Shared:  Resources are provided by FASRC and are distributed evenly amongst the various lab groups. 

  • Access: All PI groups. 
  • Scheduling: Fairshare, see https://www.rc.fas.harvard.edu/fairshare/ for more details. 
  • Queue/Partition name: shared, general, bigmem, test 
  • Features: 7-day maximum time limit, non-exclusive nodes, multi-node parallel 
  • Cost: $0.0184 per CPU Hour, $0.0661 per GPU Hour.  See Billing FAQ for more details.

Dedicated: Resources are provided by Centers, Departments, or PIs 

  • Access: Restricted PI groups from Center/Department/Lab. 
  • Scheduling: Fairshare, see https://www.rc.fas.harvard.edu/fairshare/ for more details. 
  • Queue/Partition name: pi_name or center name (e.g. huce) 
  • Features: unlimited maximum time limit, non-exclusive nodes, multi-node parallel 
  • Cost: $0.0029 per CPU Hour.  See Billing FAQ for more details.

Backfill: Users have the ability to utilize unused parts of the dedicated queues. 
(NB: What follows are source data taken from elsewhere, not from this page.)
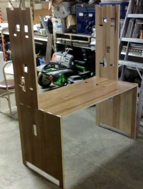 - Esta es su última oportunidad para recortar cualquier proyección, cantos adicional y asegurarse de que sus tornillos estén al ras. Paso atrás y asegúrese de que está satisfecho con el resultado. Toma asiento y escribir algo... finge escribir en su teclado. Cualquier ajuste final debe hacerse ahora.
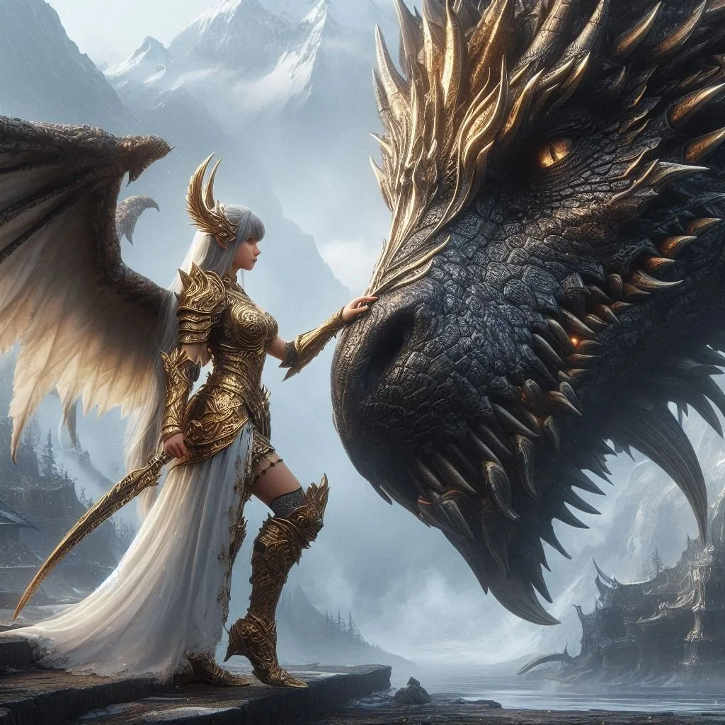 There’s something deeply poetic in the way she conjures light within darkness. asrael’s compositions are meticulously detailed, balancing the surreal and the sublime: collapsing cathedrals with skull-like façades, skeletal monarchs cloaked in sorrow, hourglass clocks suspended in celestial gloom. Even her dragons are creatures of nightmare, more shadows than scales, towering and spectral.
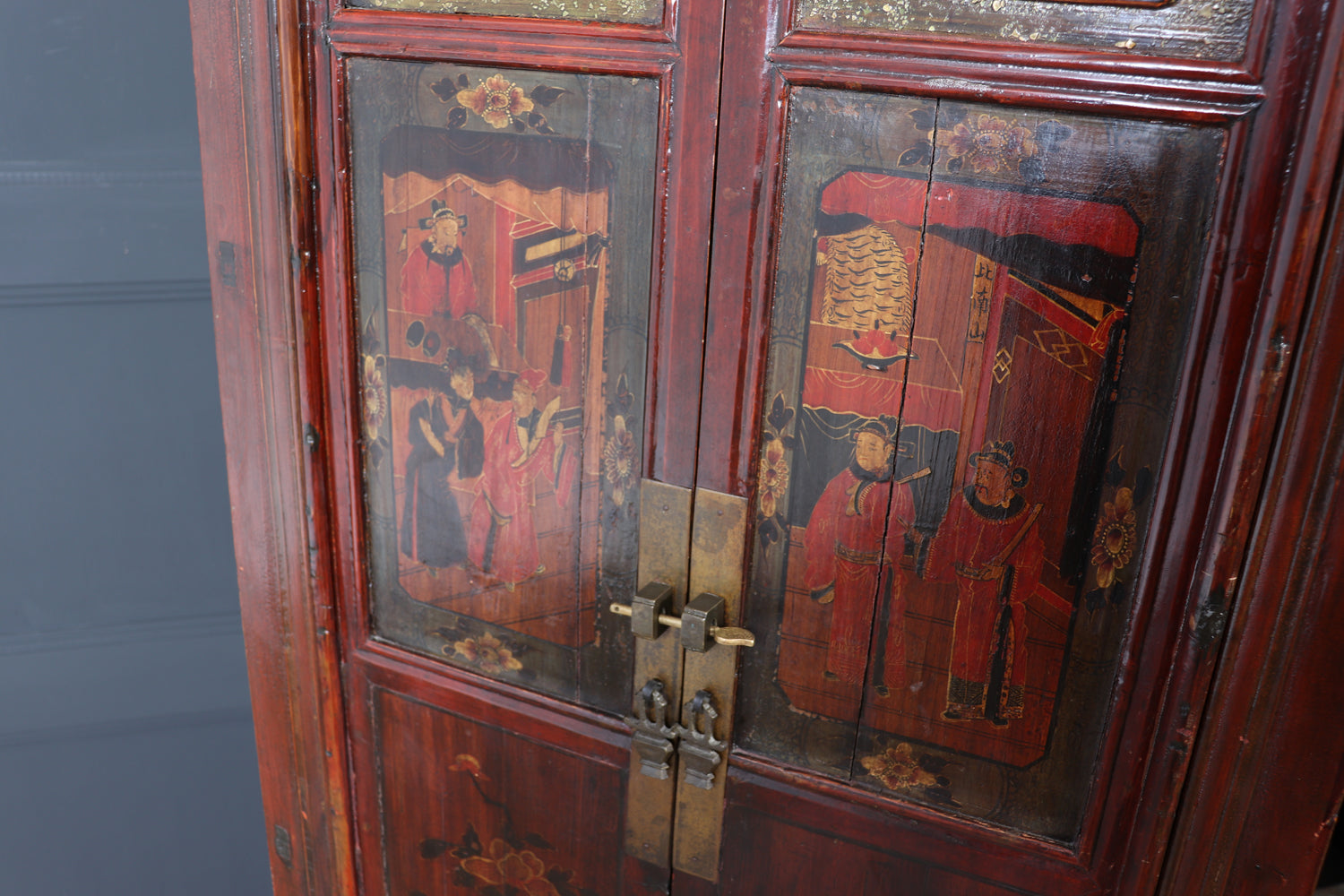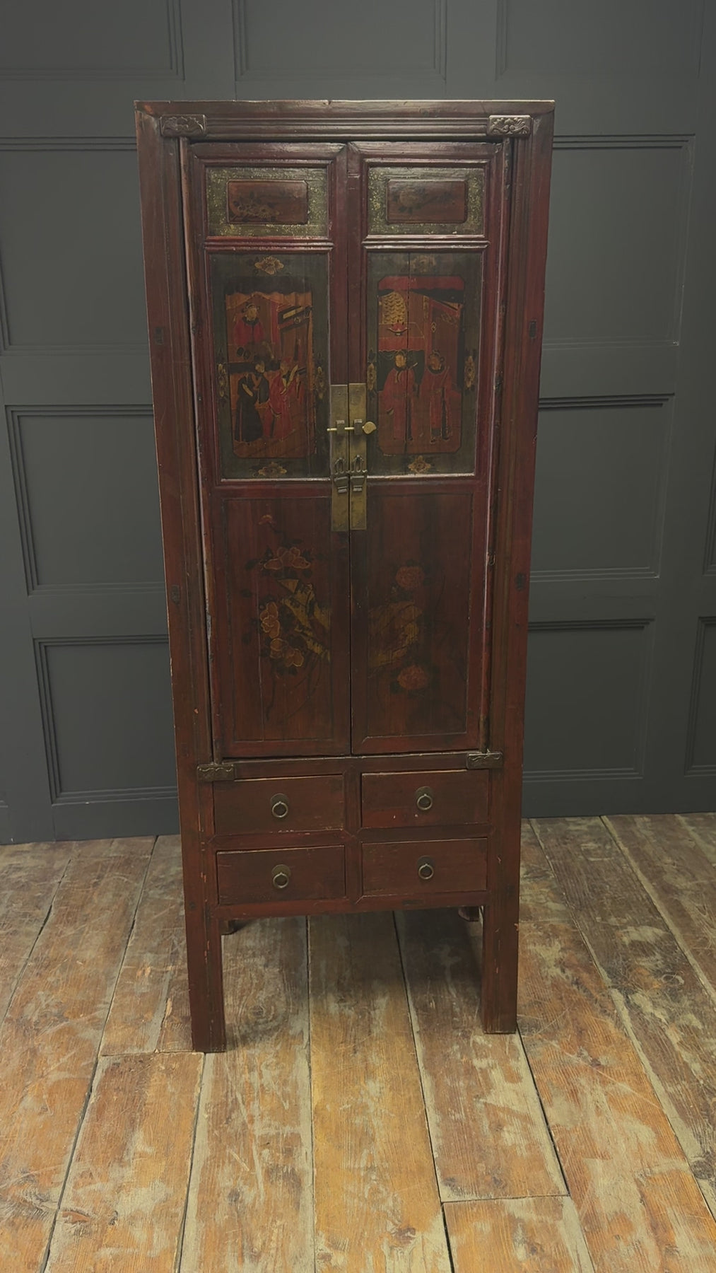A distinctive 19th century Chinese cabinet finished in deep red and black lacquer, featuring painted figural panels to the doors and four drawers arranged below. This tall, architectural piece brings colour, age, and character into any curated interior, making it ideal for a living room, study, or statement hallway setting.
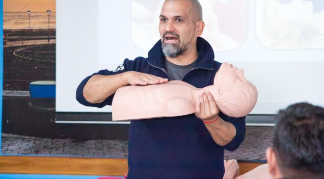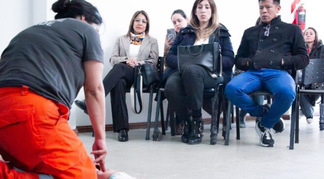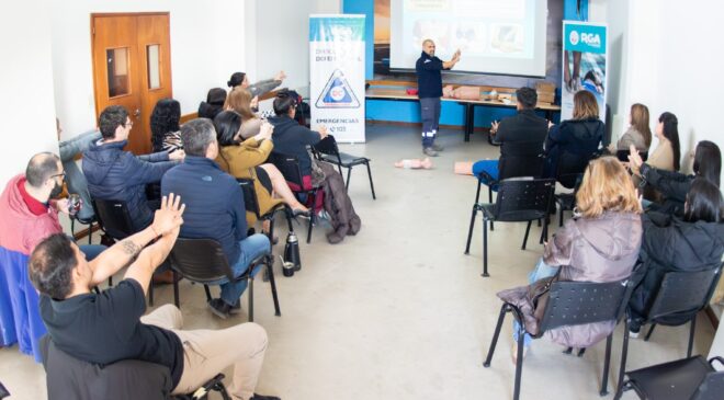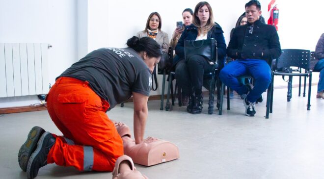 Durante la jornada, las y los trabajadores se capacitaron en temas clave como la activación de números de emergencia, técnicas de RCP, compresiones torácicas, uso del desfibrilador externo automático (DEA) y primeros auxilios generales. Además, se realizaron prácticas para afianzar los conocimientos adquiridos y brindar herramientas concretas que permitan actuar con eficacia ante situaciones críticas.
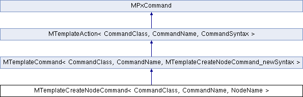 Inheritance diagram for MTemplateCreateNodeCommand< CommandClass, CommandName, NodeName >:Public Member Functions | |
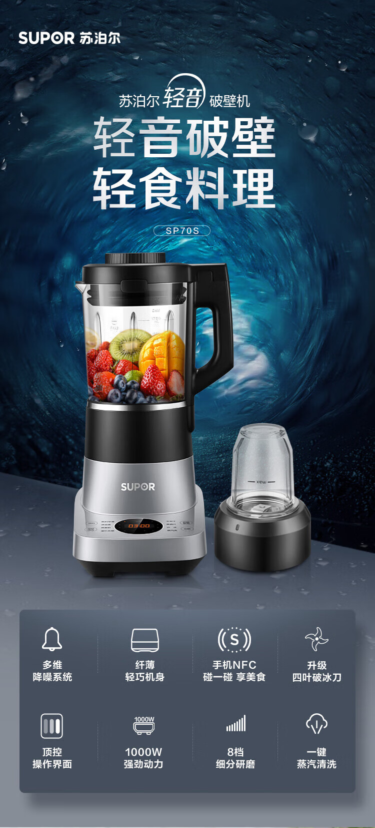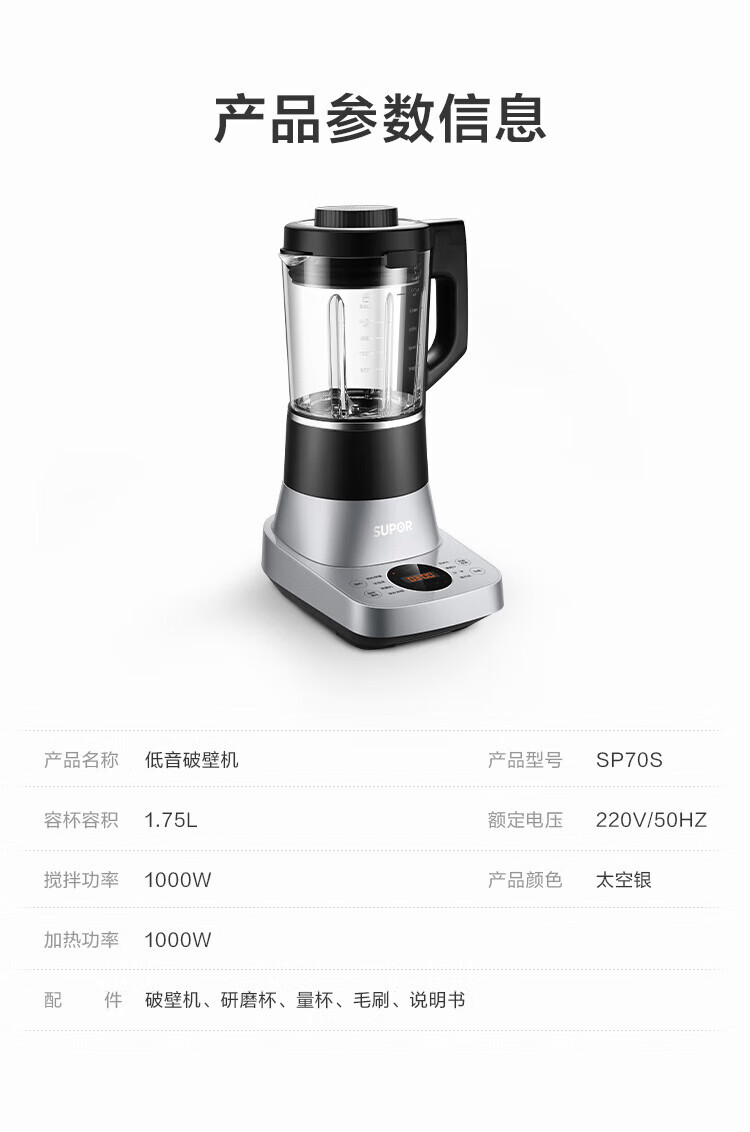 商品名称:苏泊尔(SUPOR)破壁机加热搅拌多功能 SP70S 台 银色

  • Access: All PI groups. 
  • Scheduling: Fairshare, see https://www.rc.fas.harvard.edu/fairshare/ for more details. 
  • Queue/Partition name: serial_requeue, gpu_requeue 
  • Features: 3-day time limit, preemption (requeue), non-exclusive nodes, 8 cores max per job, single node 
  • Cost: $0.0029 per CPU Hour.  See Billing FAQ for more details.